Directions for this task: Output the data below only from the line containing "Els horaris d’atenció" up to and including the line containing "kolorze Beton Jasny.", exact and with the pictures left out.

Supplied material:
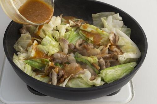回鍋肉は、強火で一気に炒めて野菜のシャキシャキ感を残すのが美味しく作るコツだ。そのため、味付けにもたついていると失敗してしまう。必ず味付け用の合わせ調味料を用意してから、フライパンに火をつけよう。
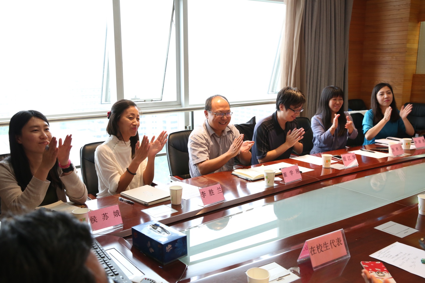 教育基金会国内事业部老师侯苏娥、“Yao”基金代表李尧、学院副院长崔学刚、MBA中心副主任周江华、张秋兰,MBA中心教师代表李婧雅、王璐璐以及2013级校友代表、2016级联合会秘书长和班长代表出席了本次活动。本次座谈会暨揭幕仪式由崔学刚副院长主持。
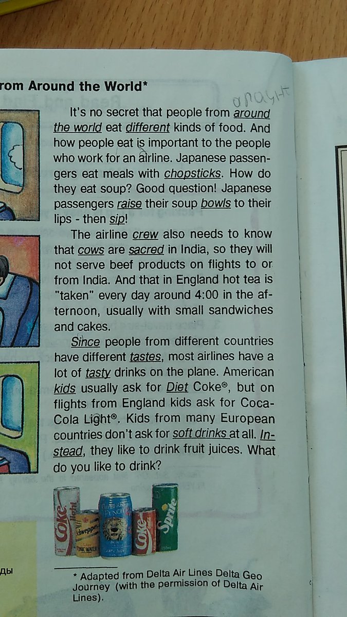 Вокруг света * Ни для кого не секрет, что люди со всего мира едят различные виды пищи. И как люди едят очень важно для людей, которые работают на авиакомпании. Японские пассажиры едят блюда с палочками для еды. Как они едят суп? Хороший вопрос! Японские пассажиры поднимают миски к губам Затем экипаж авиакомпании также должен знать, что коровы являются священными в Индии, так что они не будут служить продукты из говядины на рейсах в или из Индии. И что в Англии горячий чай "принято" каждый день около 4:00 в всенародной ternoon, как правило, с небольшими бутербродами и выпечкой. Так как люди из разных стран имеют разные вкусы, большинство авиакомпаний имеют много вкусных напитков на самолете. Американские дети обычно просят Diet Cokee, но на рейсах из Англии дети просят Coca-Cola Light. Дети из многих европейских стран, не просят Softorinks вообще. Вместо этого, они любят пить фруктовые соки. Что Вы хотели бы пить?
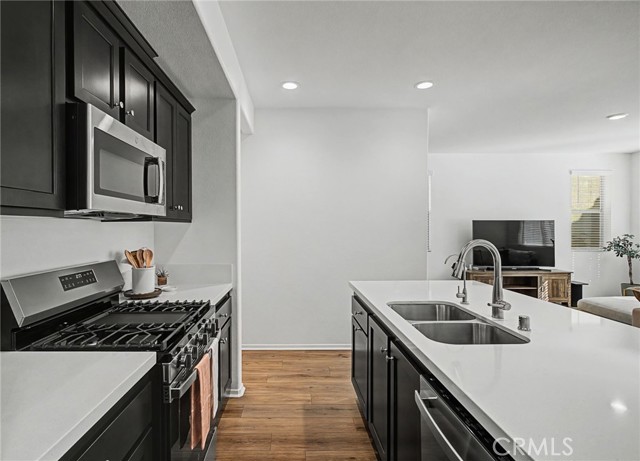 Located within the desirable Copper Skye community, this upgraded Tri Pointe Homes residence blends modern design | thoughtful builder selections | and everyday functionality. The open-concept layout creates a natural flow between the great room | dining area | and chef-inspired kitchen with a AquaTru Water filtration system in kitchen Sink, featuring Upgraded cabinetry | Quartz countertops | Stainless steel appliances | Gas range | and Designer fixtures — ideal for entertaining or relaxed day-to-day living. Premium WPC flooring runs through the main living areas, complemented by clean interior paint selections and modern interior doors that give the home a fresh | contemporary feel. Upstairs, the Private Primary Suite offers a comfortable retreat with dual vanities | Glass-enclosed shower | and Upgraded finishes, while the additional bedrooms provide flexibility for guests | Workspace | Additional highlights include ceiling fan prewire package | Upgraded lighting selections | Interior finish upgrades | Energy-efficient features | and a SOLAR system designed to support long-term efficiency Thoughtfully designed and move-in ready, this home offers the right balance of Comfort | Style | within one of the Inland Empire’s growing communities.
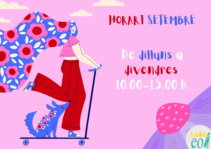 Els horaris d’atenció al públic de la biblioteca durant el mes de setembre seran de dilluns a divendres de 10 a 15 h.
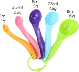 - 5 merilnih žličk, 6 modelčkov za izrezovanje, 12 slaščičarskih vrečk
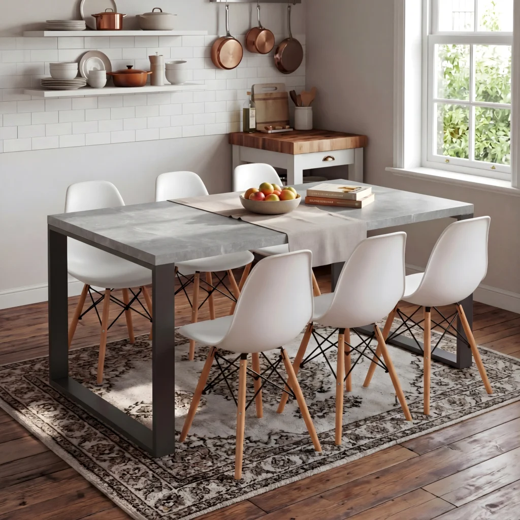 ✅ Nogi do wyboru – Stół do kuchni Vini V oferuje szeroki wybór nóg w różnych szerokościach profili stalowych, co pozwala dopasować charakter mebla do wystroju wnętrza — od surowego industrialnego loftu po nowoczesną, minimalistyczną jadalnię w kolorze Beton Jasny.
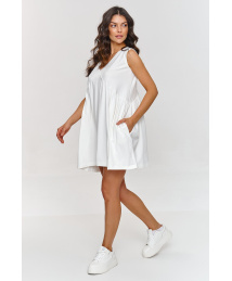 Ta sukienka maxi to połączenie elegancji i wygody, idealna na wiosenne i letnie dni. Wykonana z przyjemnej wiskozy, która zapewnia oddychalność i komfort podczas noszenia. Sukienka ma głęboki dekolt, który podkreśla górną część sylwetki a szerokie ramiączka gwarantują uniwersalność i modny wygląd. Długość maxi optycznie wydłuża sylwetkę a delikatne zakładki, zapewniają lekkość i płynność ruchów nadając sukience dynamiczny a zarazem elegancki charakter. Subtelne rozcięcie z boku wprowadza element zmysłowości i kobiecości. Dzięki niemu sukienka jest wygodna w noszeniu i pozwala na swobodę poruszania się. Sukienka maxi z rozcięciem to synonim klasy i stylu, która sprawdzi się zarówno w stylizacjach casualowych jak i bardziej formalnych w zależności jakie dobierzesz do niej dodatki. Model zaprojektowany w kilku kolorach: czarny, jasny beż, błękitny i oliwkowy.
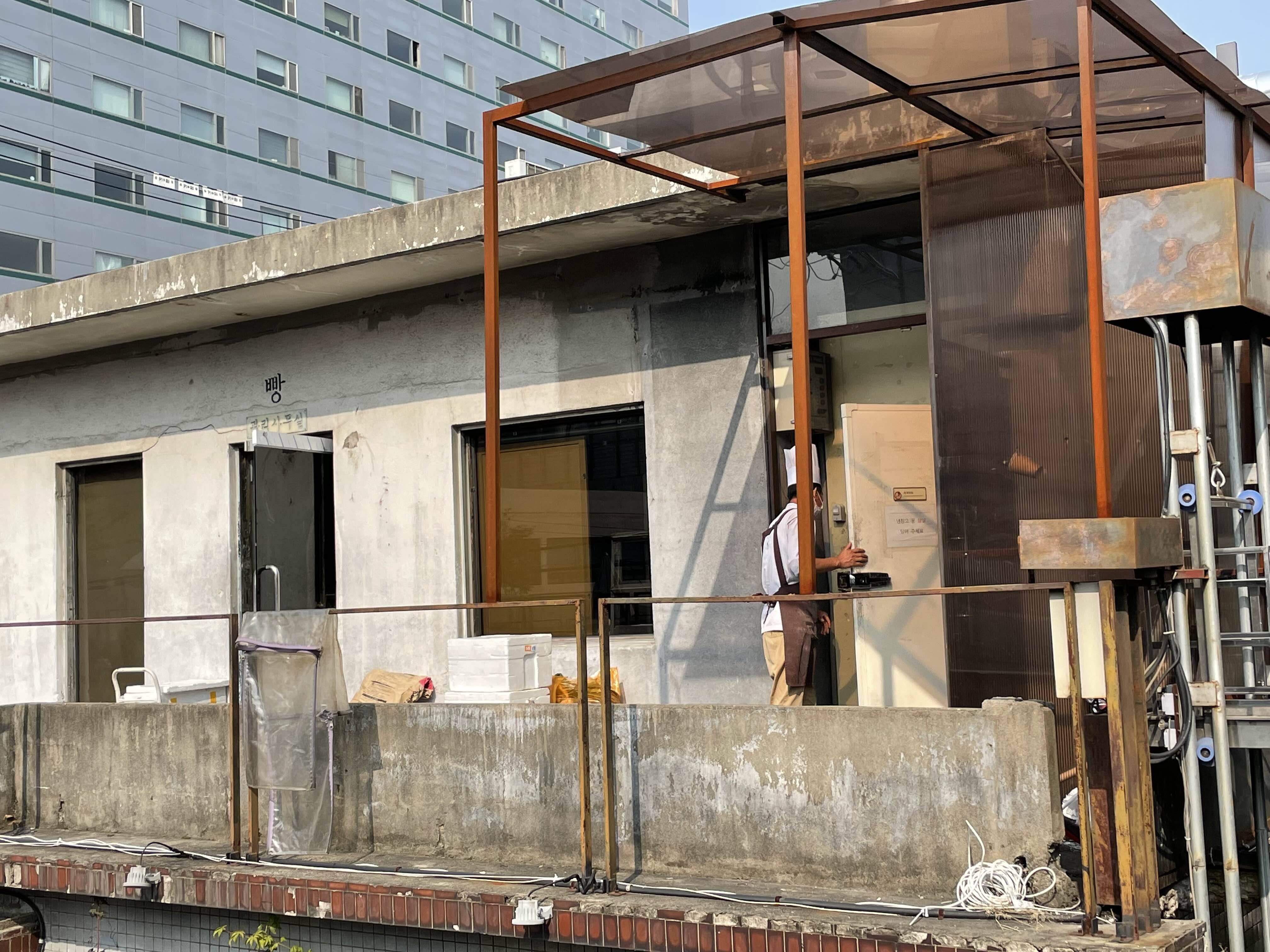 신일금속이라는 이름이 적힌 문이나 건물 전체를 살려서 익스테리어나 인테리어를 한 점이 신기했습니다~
--
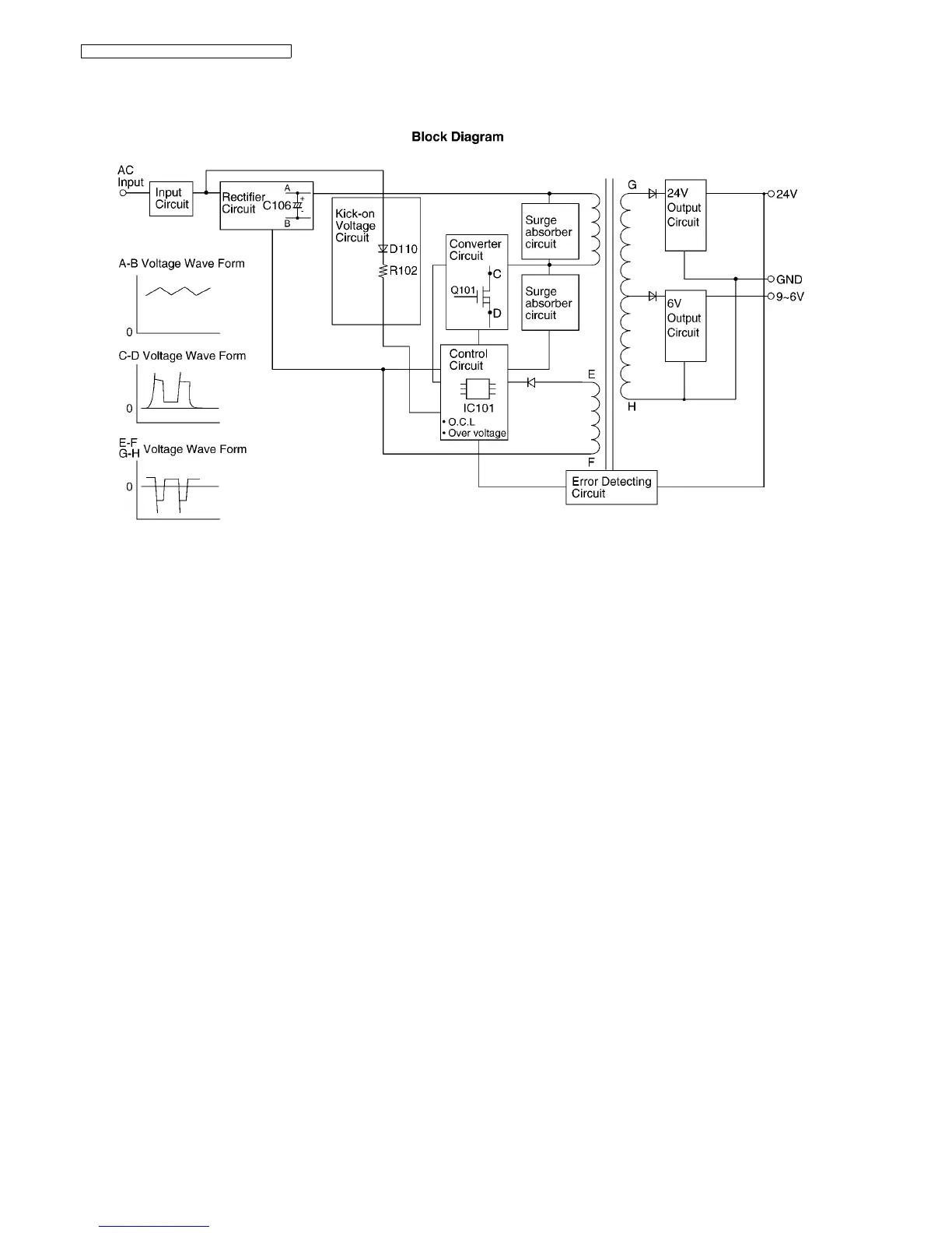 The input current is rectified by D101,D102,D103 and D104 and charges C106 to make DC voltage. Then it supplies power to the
--
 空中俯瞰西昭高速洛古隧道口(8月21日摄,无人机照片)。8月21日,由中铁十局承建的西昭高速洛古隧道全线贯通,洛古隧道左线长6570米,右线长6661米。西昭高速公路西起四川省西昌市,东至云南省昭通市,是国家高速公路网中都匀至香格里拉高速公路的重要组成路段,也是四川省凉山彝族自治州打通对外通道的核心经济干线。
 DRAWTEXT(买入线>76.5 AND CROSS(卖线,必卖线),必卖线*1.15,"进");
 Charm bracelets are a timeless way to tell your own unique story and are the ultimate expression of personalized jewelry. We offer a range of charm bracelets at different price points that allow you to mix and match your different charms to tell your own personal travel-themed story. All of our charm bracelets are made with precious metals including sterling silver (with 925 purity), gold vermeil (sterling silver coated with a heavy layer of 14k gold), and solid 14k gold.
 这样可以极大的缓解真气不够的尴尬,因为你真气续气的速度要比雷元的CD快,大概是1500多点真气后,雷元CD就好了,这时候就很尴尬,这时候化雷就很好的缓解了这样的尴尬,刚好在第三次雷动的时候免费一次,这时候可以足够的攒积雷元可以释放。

Result:
 Els horaris d’atenció al públic de la biblioteca durant el mes de setembre seran de dilluns a divendres de 10 a 15 h.
 - 5 merilnih žličk, 6 modelčkov za izrezovanje, 12 slaščičarskih vrečk
 ✅ Nogi do wyboru – Stół do kuchni Vini V oferuje szeroki wybór nóg w różnych szerokościach profili stalowych, co pozwala dopasować charakter mebla do wystroju wnętrza — od surowego industrialnego loftu po nowoczesną, minimalistyczną jadalnię w kolorze Beton Jasny.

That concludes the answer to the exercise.